Problem to work on | When you copy the entries, match them exactly and omit the pictures.

Extracted records:
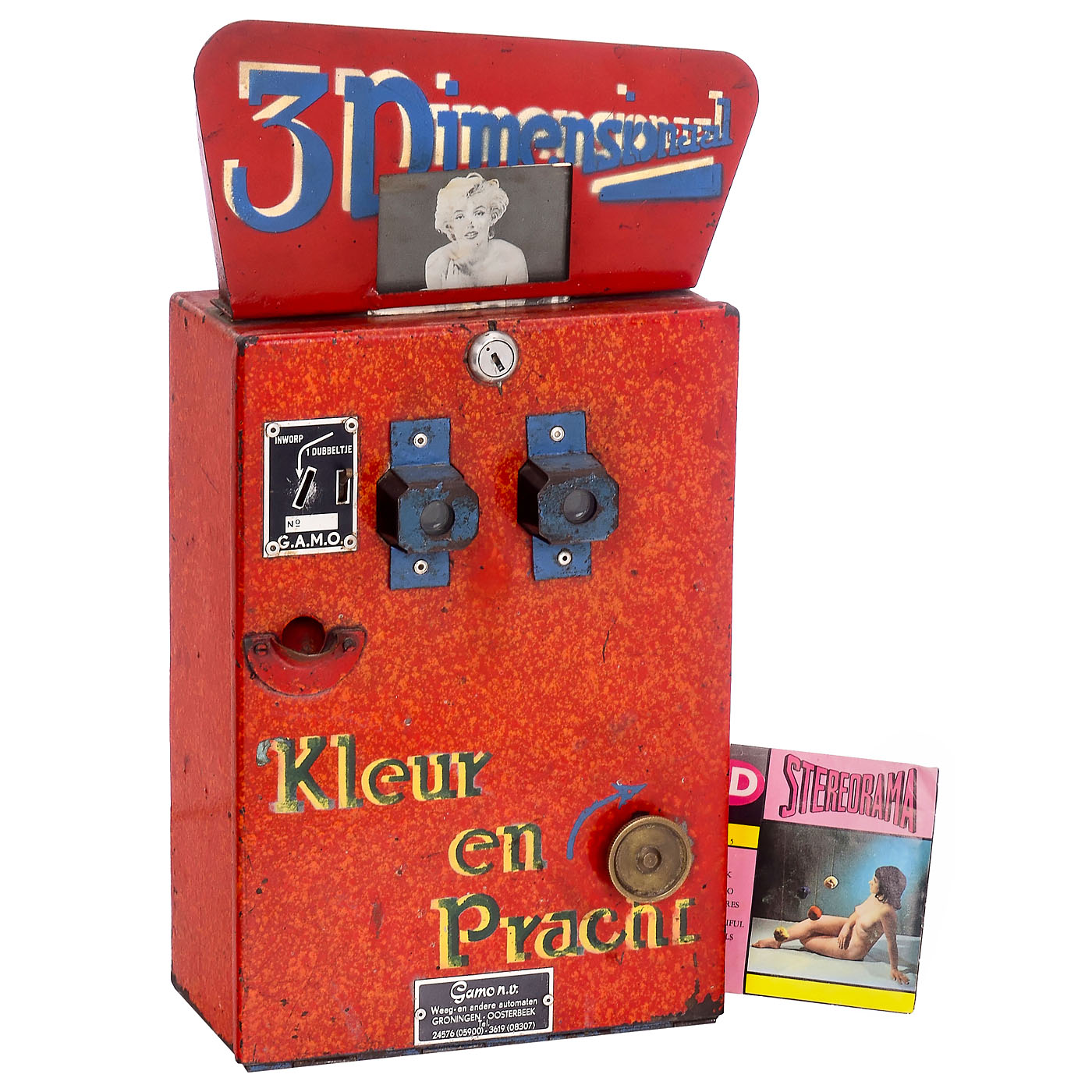 Gamo N.V., Netherlands. "3Dimensionaal Kleur en Pracht" (Color and Splendor), red-lacquered metal housing, originally equipped with a photo of Marilyn Monroe as a display. Built-in is a Sawyer's View-Master Model C viewer (1946
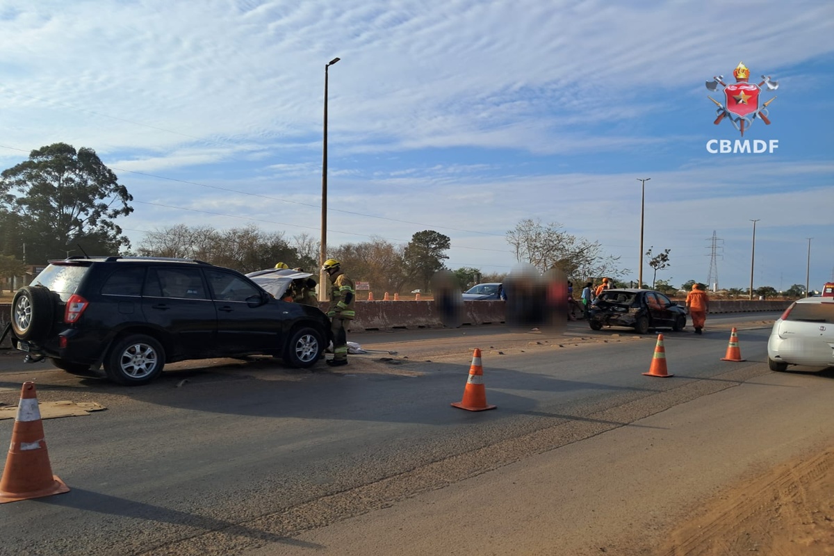 Um engavetamento de veículos deixou três pessoas feridas na DF-001.
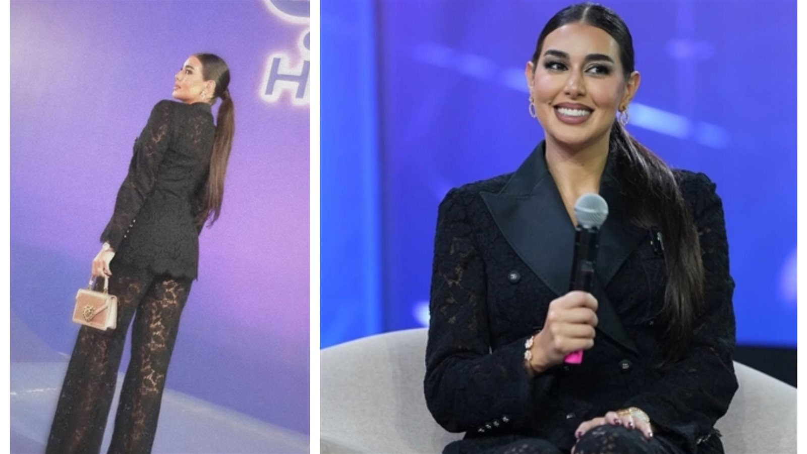 وقامتأسيل عمران بترك خصلات شعرها السوداء إلى منسدلة على ظهرها وأكتافها بتسريحة انسيابية ناعمة، وهو ما تناسب مع تفاصيل إطلالتها.
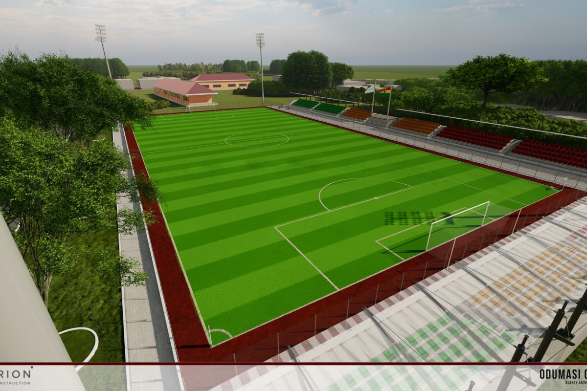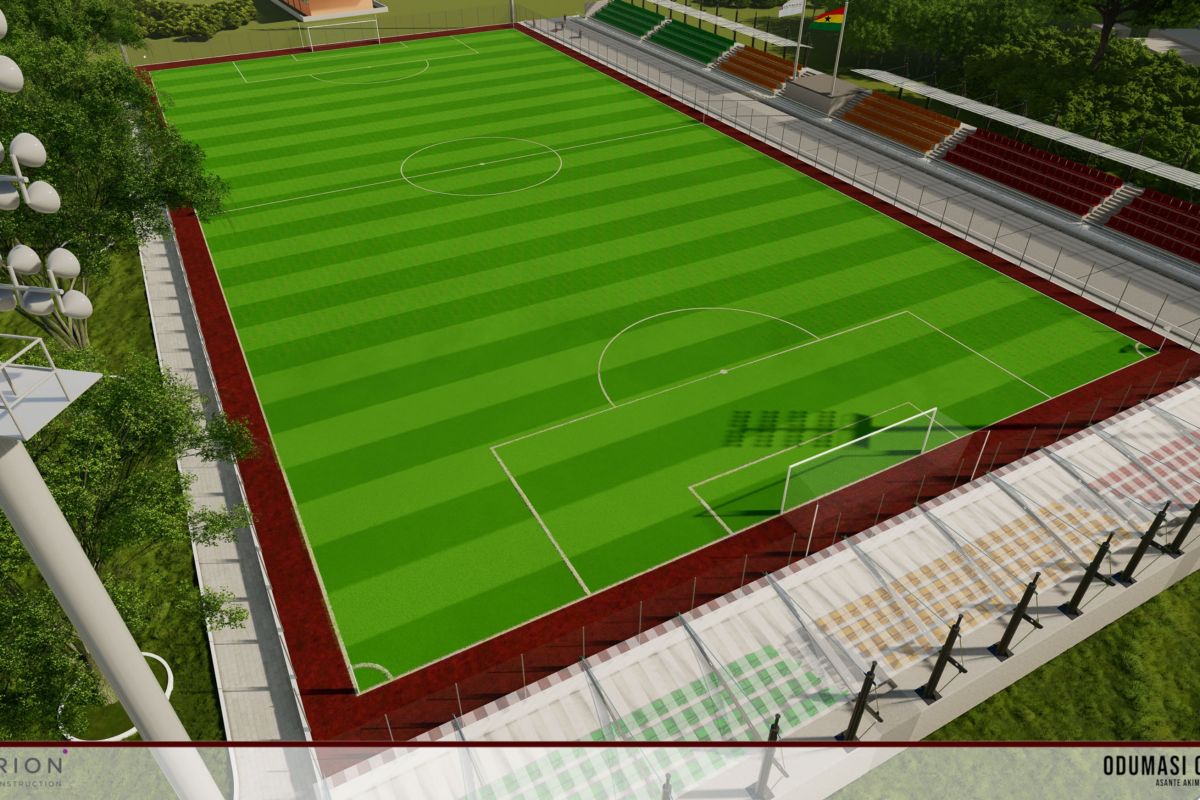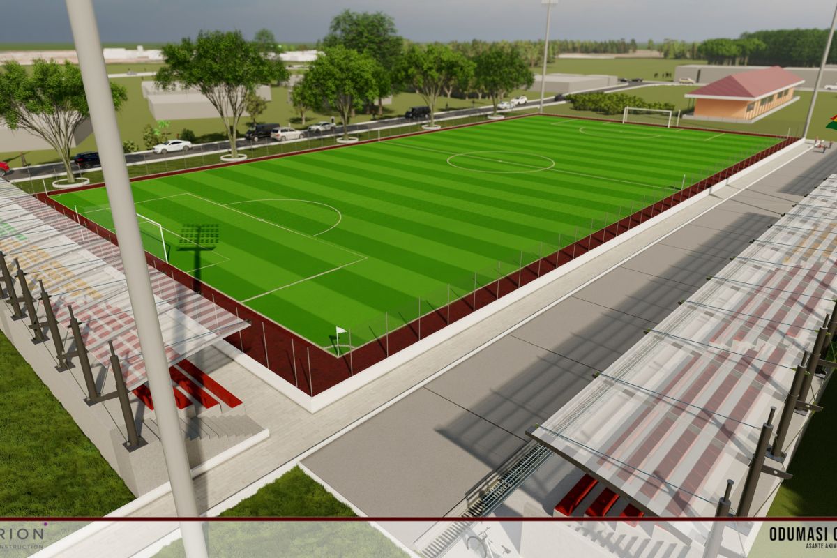 Installation of artificial grass/turf soccer field with wire fence
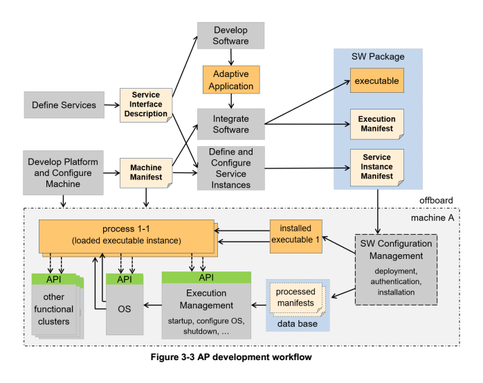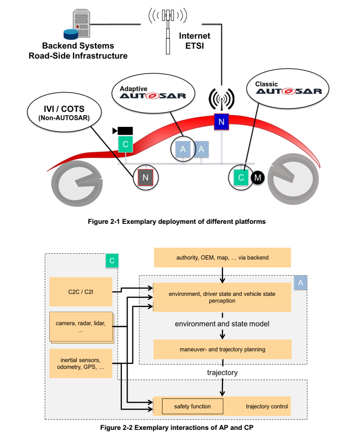 传统上采用AUTOSAR架构来满足嵌入式ECU的需求;然而这一架构却无法满足上述所提到的需求。为此,在此基础上开发出了自适应AUTOSAR(AP)平台;该平台具备高性能计算能力和可靠的通信机制;此外还支持灵活的软件配置方案;针对CP设计的独特特性(如接入电信号与汽车专用总线系统),这些特性可以通过模块化的方式集成到AP中进行扩展应用)。
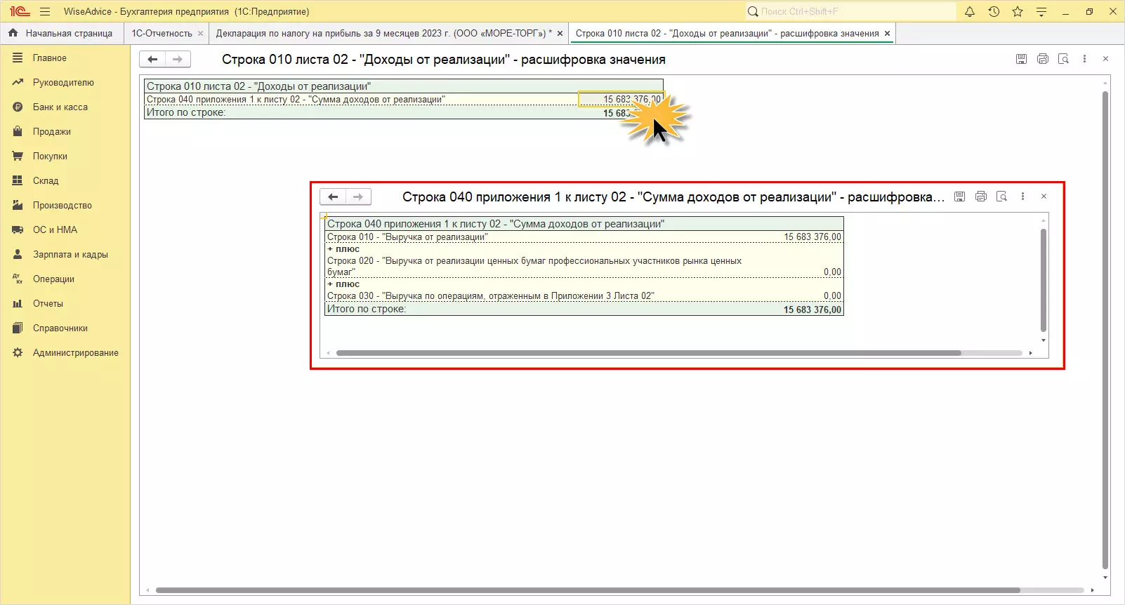 Возьмем для примера отчет «Декларация по налогу на прибыль» организации ООО «Море-ТОРГ».
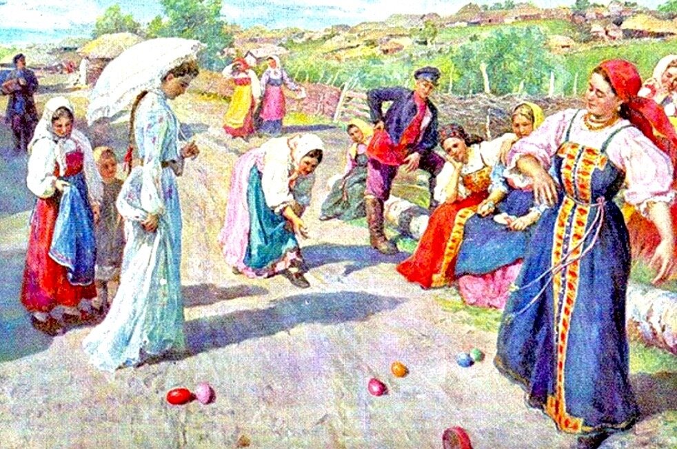 В отличие от шумных масленичных гуляний, пасхальные праздники проводились значительно более скромно, но не менее весело. Пасха была временем для ярмарок и различных забав, включая катание яиц с бугорков, которое пользовалось большой популярностью среди детей и взрослых. В богатых домах для этой игры использовали специально сконструированные лоточки, а победители могли рассчитывать на приятные призы.
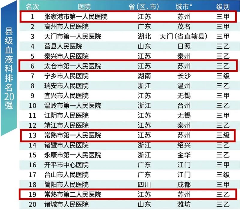 县级血液科排名20强
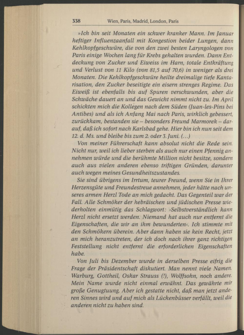 Von Juli bis Dezember wurde in derselben Presse eifrig die Frage der Präsidentschaft diskutiert. Man nennt viele Namen. Warburg , Gottheil, Oskar Strauss (!), Wolffsohn , noch andere. Mein Name wurde nicht einmal erwähnt. Das gewährte mir große Genugtuung. Aber ich gestatte nicht, daß man jetzt anderen Sinnes wird und auf mich als Lückenbüsser verfällt, weil die anderen nicht zu haben sind.
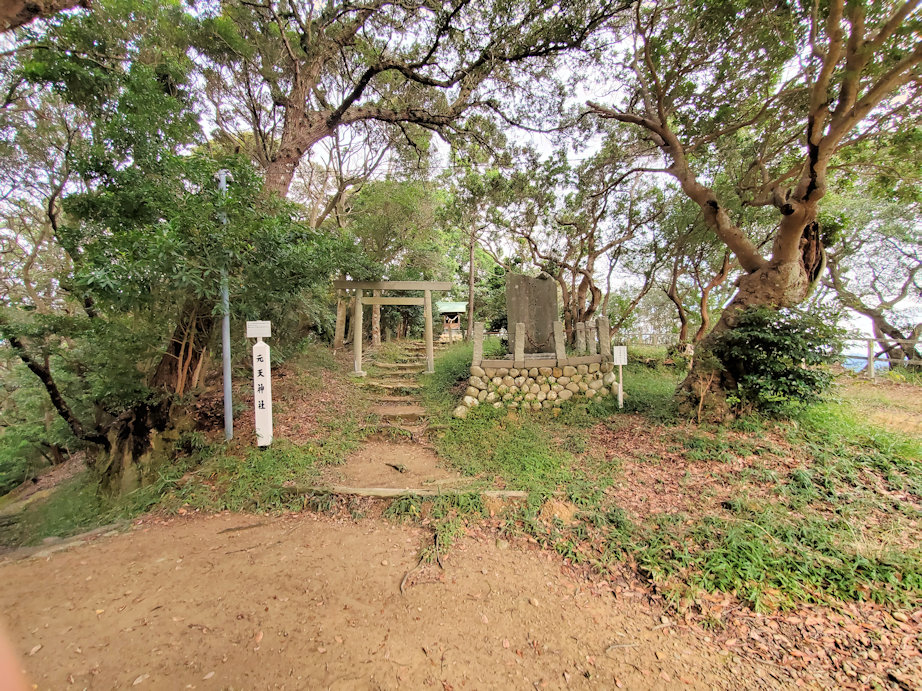 次に反対側に向かう。一旦鞍部に降りて、再び石段を上がっていく。登った先は神社になっている。さらにその向こうに馬場平という少し広い場所があり、周囲を見渡すことができる。ここに立つと確かに高天神城から遠州一帯が見渡すことができ、同地が戦略上の重要拠点であったことが理解できる。

Completed exercise |
 Gamo N.V., Netherlands. "3Dimensionaal Kleur en Pracht" (Color and Splendor), red-lacquered metal housing, originally equipped with a photo of Marilyn Monroe as a display. Built-in is a Sawyer's View-Master Model C viewer (1946
 Um engavetamento de veículos deixou três pessoas feridas na DF-001.
 وقامتأسيل عمران بترك خصلات شعرها السوداء إلى منسدلة على ظهرها وأكتافها بتسريحة انسيابية ناعمة، وهو ما تناسب مع تفاصيل إطلالتها.
 Installation of artificial grass/turf soccer field with wire fence
 传统上采用AUTOSAR架构来满足嵌入式ECU的需求;然而这一架构却无法满足上述所提到的需求。为此,在此基础上开发出了自适应AUTOSAR(AP)平台;该平台具备高性能计算能力和可靠的通信机制;此外还支持灵活的软件配置方案;针对CP设计的独特特性(如接入电信号与汽车专用总线系统),这些特性可以通过模块化的方式集成到AP中进行扩展应用)。
 Возьмем для примера отчет «Декларация по налогу на прибыль» организации ООО «Море-ТОРГ».
 В отличие от шумных масленичных гуляний, пасхальные праздники проводились значительно более скромно, но не менее весело. Пасха была временем для ярмарок и различных забав, включая катание яиц с бугорков, которое пользовалось большой популярностью среди детей и взрослых. В богатых домах для этой игры использовали специально сконструированные лоточки, а победители могли рассчитывать на приятные призы.
 县级血液科排名20强
 Von Juli bis Dezember wurde in derselben Presse eifrig die Frage der Präsidentschaft diskutiert. Man nennt viele Namen. Warburg , Gottheil, Oskar Strauss (!), Wolffsohn , noch andere. Mein Name wurde nicht einmal erwähnt. Das gewährte mir große Genugtuung. Aber ich gestatte nicht, daß man jetzt anderen Sinnes wird und auf mich als Lückenbüsser verfällt, weil die anderen nicht zu haben sind.
 次に反対側に向かう。一旦鞍部に降りて、再び石段を上がっていく。登った先は神社になっている。さらにその向こうに馬場平という少し広い場所があり、周囲を見渡すことができる。ここに立つと確かに高天神城から遠州一帯が見渡すことができ、同地が戦略上の重要拠点であったことが理解できる。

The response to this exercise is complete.